● **Task requirements**: Your answer must be an exact copy of the listing that follows, with all pictures omitted.

▬▬▬

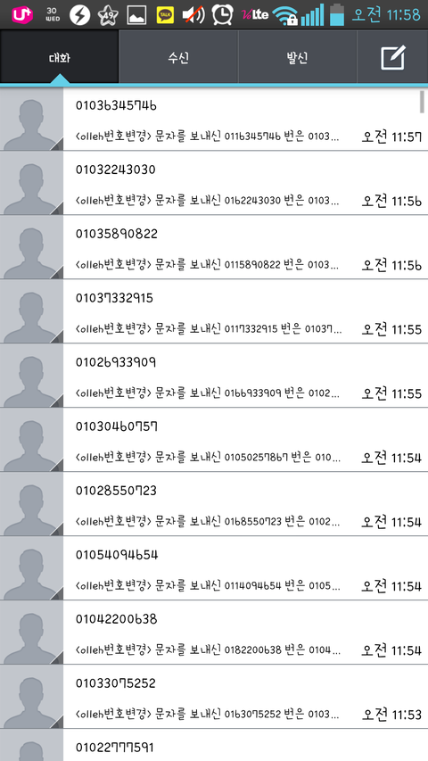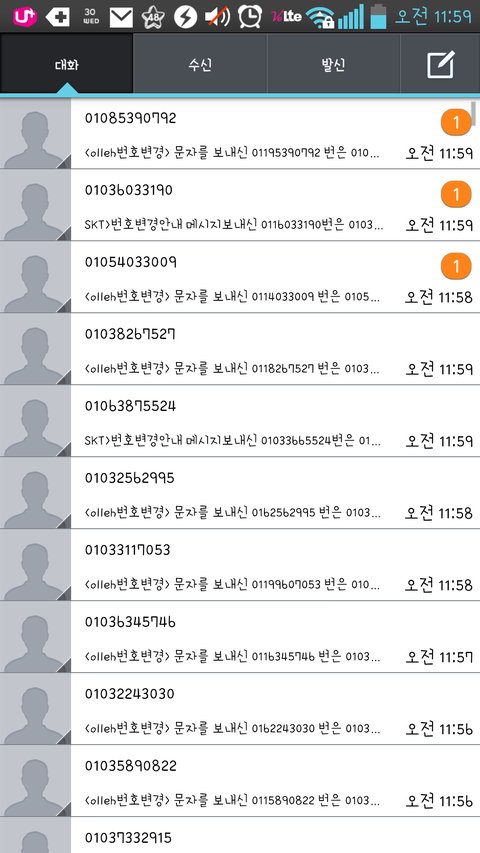 ㅠㅠㅠㅠ왠지는 모르겟는데 계속 저한테 번호변경문자가 skt olleh 에서와요...그래서 봣더니 제가원래알던번호도 아니고 바낀번호도 처음보는번호...;;
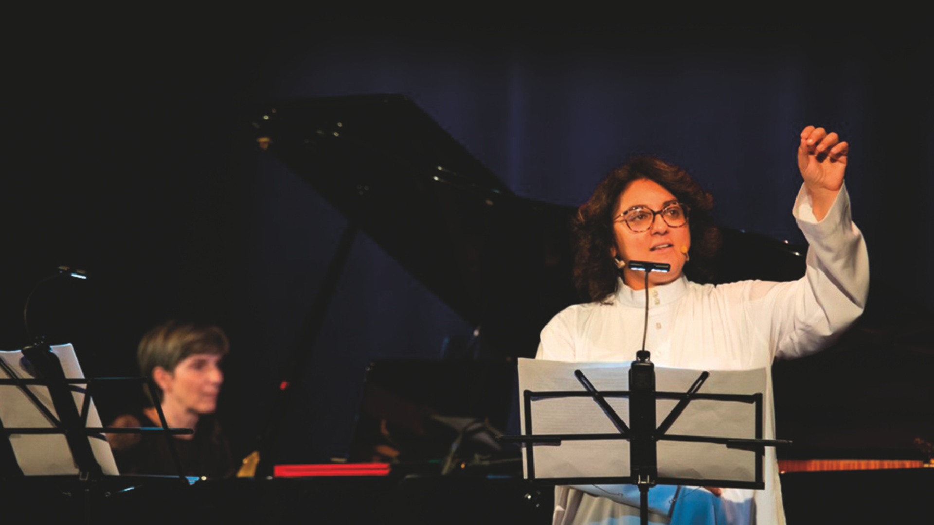 Con il pianoforte e la voce recitante che interagiscono nell’azione scenica senza soluzione di continuità, nell’avvicendarsi dei quadri e dei personaggi, lo spettacolo si snoda come un racconto in musica che apre a momenti di coinvolgente profondità emotiva, con le artiste sul palco intente a dare voce, nel necessario connubio di bellezza artistica e verità, ad un irrinunciabile messaggio di speranza.
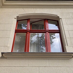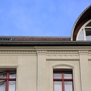 Diese Fassadenart war damals beliebt, da sie nicht nur witterungsbeständig, sondern auch vergleichsweise einfach in der Verarbeitung war. Im Zuge der Renovierung stand die denkmalgerechte Instandsetzung im Mittelpunkt.
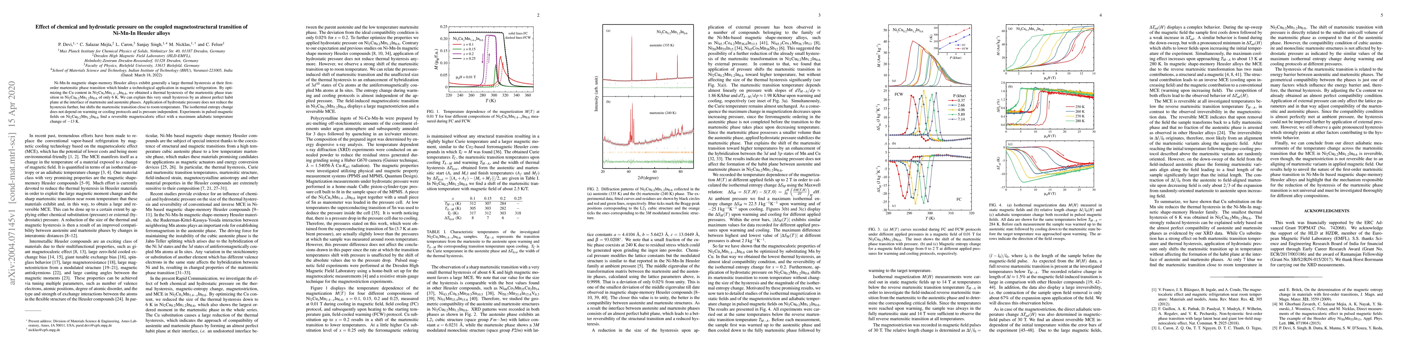 This study investigates how chemical composition and hydrostatic pressure affect the magnetostructural transition in Ni-Mn-In Heusler alloys, achieving a minimal thermal hysteresis of 6 K in optimized Ni$_2$Cu$_{0.2}$Mn$_{1.2}$In$_{0.6}$ and demonstrating a reversible magnetocaloric effect with a significant adiabatic temperature change.
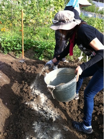 耕した後に、米ぬかと堆肥を混ぜてから畝を作ります

▬▬▬

● **Written response**:
 ㅠㅠㅠㅠ왠지는 모르겟는데 계속 저한테 번호변경문자가 skt olleh 에서와요...그래서 봣더니 제가원래알던번호도 아니고 바낀번호도 처음보는번호...;;
 Con il pianoforte e la voce recitante che interagiscono nell’azione scenica senza soluzione di continuità, nell’avvicendarsi dei quadri e dei personaggi, lo spettacolo si snoda come un racconto in musica che apre a momenti di coinvolgente profondità emotiva, con le artiste sul palco intente a dare voce, nel necessario connubio di bellezza artistica e verità, ad un irrinunciabile messaggio di speranza.
 Diese Fassadenart war damals beliebt, da sie nicht nur witterungsbeständig, sondern auch vergleichsweise einfach in der Verarbeitung war. Im Zuge der Renovierung stand die denkmalgerechte Instandsetzung im Mittelpunkt.
 This study investigates how chemical composition and hydrostatic pressure affect the magnetostructural transition in Ni-Mn-In Heusler alloys, achieving a minimal thermal hysteresis of 6 K in optimized Ni$_2$Cu$_{0.2}$Mn$_{1.2}$In$_{0.6}$ and demonstrating a reversible magnetocaloric effect with a significant adiabatic temperature change.
 耕した後に、米ぬかと堆肥を混ぜてから畝を作ります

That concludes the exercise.